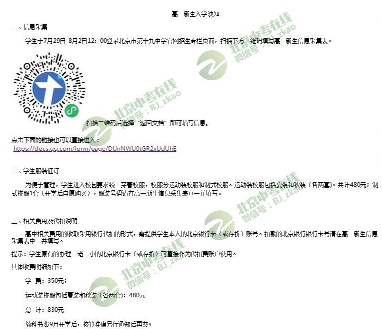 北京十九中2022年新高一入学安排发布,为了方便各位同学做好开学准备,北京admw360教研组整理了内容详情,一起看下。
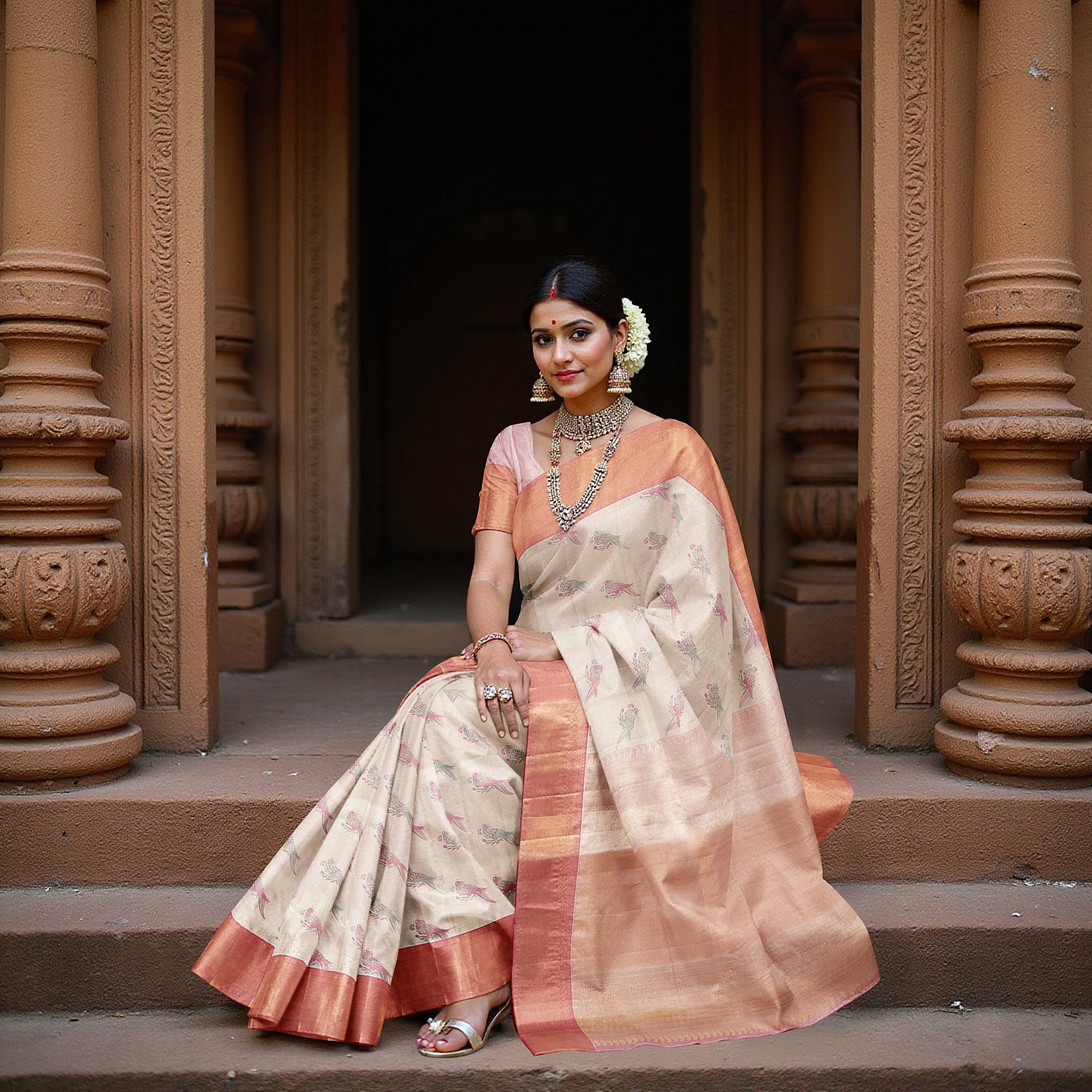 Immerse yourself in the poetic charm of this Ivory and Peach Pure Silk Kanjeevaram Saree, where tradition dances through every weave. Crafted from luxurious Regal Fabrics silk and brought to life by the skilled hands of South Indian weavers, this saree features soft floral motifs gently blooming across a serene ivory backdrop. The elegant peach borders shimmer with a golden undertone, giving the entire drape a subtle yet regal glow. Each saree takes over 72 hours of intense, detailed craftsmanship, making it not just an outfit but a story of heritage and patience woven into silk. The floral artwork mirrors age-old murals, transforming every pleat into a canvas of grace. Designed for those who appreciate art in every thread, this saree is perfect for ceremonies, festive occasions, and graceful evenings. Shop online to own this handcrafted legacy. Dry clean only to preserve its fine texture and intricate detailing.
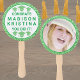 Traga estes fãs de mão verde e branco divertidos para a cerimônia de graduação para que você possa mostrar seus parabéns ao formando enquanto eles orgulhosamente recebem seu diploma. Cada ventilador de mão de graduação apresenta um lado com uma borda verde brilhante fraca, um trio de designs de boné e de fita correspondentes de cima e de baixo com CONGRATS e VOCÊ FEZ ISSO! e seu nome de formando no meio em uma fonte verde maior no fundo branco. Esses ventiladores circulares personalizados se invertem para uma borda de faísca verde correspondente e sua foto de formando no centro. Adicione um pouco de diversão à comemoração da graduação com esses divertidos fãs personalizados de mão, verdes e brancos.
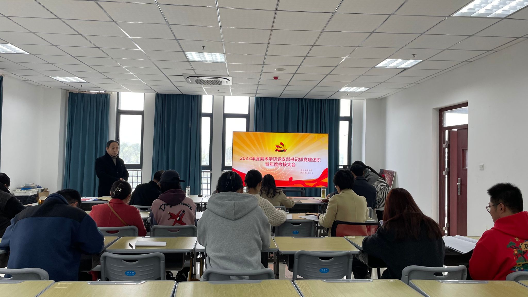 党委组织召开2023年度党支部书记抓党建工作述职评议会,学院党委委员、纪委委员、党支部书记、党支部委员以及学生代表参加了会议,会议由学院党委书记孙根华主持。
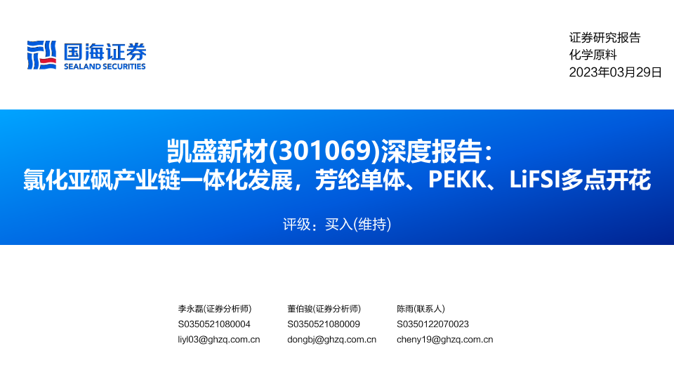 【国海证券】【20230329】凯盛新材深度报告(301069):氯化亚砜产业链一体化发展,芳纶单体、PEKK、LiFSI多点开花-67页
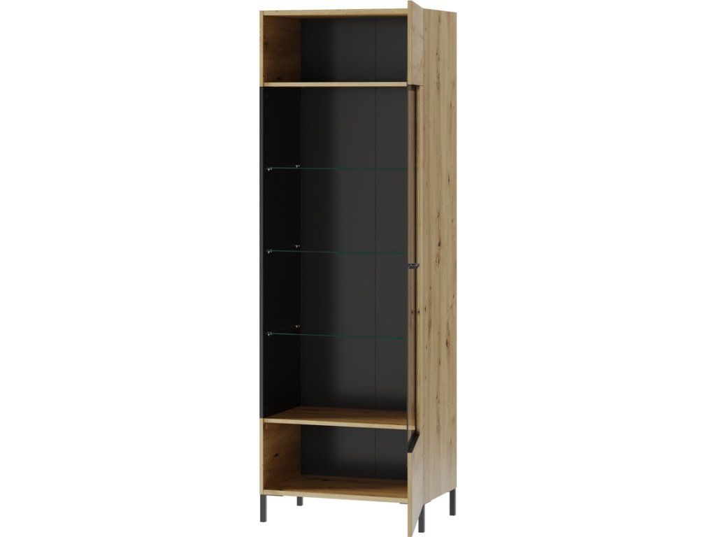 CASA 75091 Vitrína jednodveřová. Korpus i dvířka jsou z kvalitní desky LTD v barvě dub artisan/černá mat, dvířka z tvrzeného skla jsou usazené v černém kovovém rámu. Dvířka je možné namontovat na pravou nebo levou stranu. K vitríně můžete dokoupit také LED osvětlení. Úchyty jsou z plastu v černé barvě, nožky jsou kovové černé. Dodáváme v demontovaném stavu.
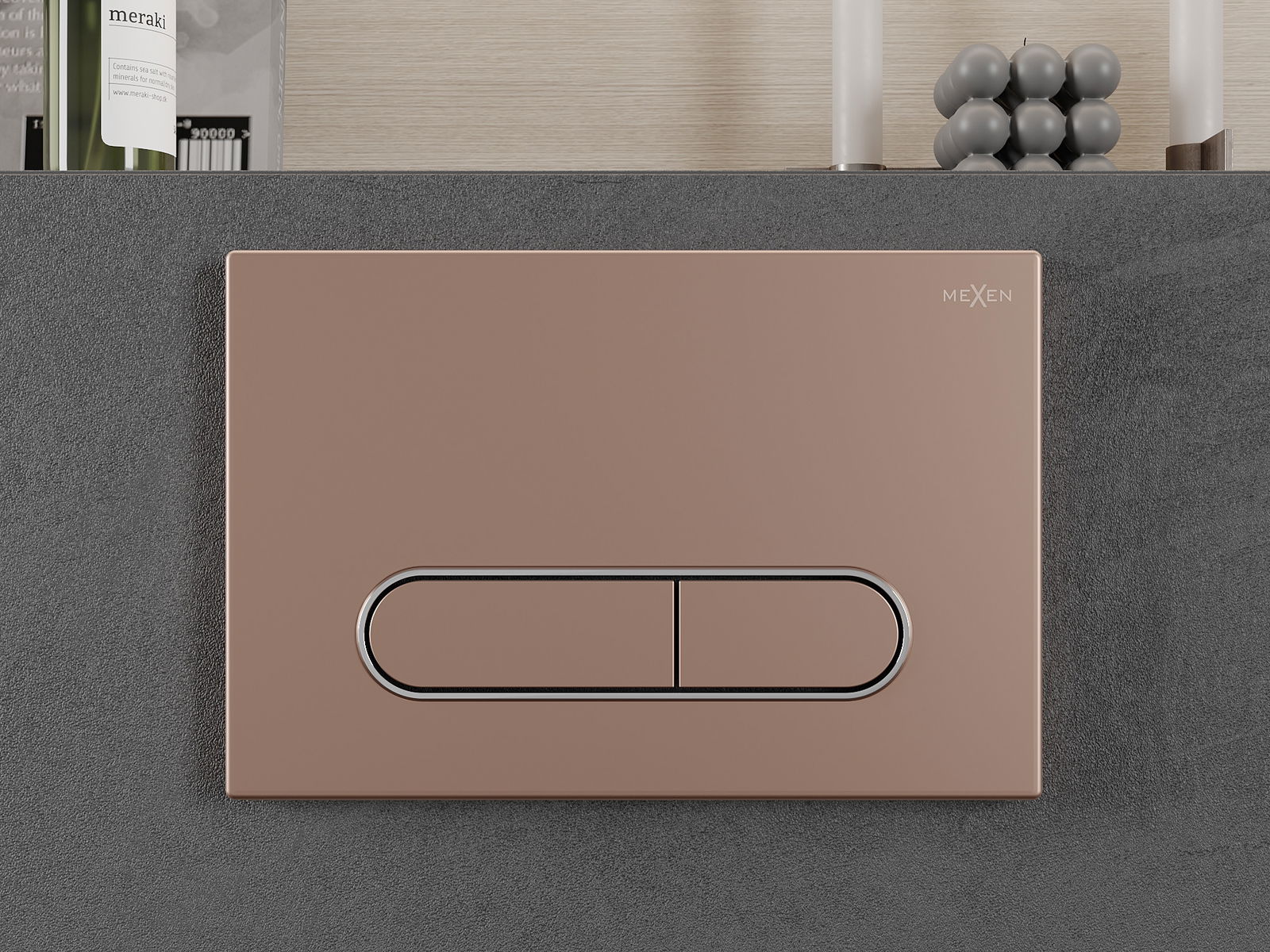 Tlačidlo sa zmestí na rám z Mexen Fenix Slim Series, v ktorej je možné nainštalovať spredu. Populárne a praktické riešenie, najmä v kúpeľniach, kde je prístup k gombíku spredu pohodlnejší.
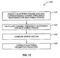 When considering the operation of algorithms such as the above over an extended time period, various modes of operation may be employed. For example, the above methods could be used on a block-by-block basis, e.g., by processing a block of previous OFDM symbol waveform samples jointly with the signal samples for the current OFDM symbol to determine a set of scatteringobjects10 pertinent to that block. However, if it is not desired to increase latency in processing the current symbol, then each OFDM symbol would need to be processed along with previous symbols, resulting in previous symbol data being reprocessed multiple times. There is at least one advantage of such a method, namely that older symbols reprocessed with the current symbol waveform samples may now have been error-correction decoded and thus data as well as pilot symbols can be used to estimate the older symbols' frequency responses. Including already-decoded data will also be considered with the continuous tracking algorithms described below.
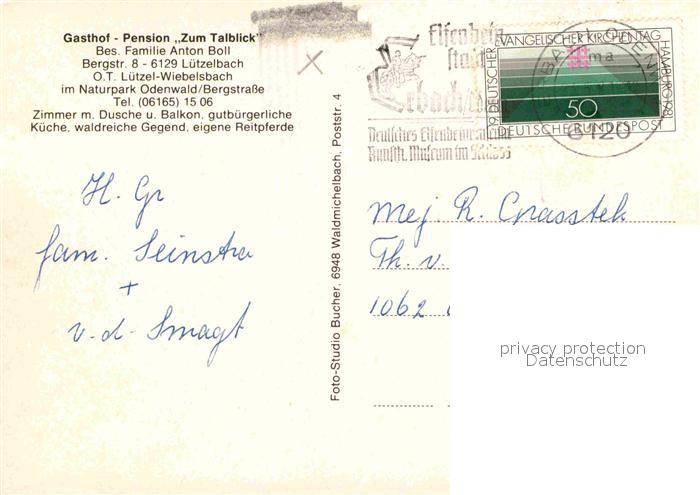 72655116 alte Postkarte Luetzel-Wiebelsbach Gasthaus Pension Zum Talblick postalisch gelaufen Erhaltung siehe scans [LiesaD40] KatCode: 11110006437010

> TASK DESCRIPTION
Without the pictures, write out the lines from the beginning of the entries through the line with "Immerse yourself in".

> TASK RESPONSE
 北京十九中2022年新高一入学安排发布,为了方便各位同学做好开学准备,北京admw360教研组整理了内容详情,一起看下。
 Immerse yourself in the poetic charm of this Ivory and Peach Pure Silk Kanjeevaram Saree, where tradition dances through every weave. Crafted from luxurious Regal Fabrics silk and brought to life by the skilled hands of South Indian weavers, this saree features soft floral motifs gently blooming across a serene ivory backdrop. The elegant peach borders shimmer with a golden undertone, giving the entire drape a subtle yet regal glow. Each saree takes over 72 hours of intense, detailed craftsmanship, making it not just an outfit but a story of heritage and patience woven into silk. The floral artwork mirrors age-old murals, transforming every pleat into a canvas of grace. Designed for those who appreciate art in every thread, this saree is perfect for ceremonies, festive occasions, and graceful evenings. Shop online to own this handcrafted legacy. Dry clean only to preserve its fine texture and intricate detailing.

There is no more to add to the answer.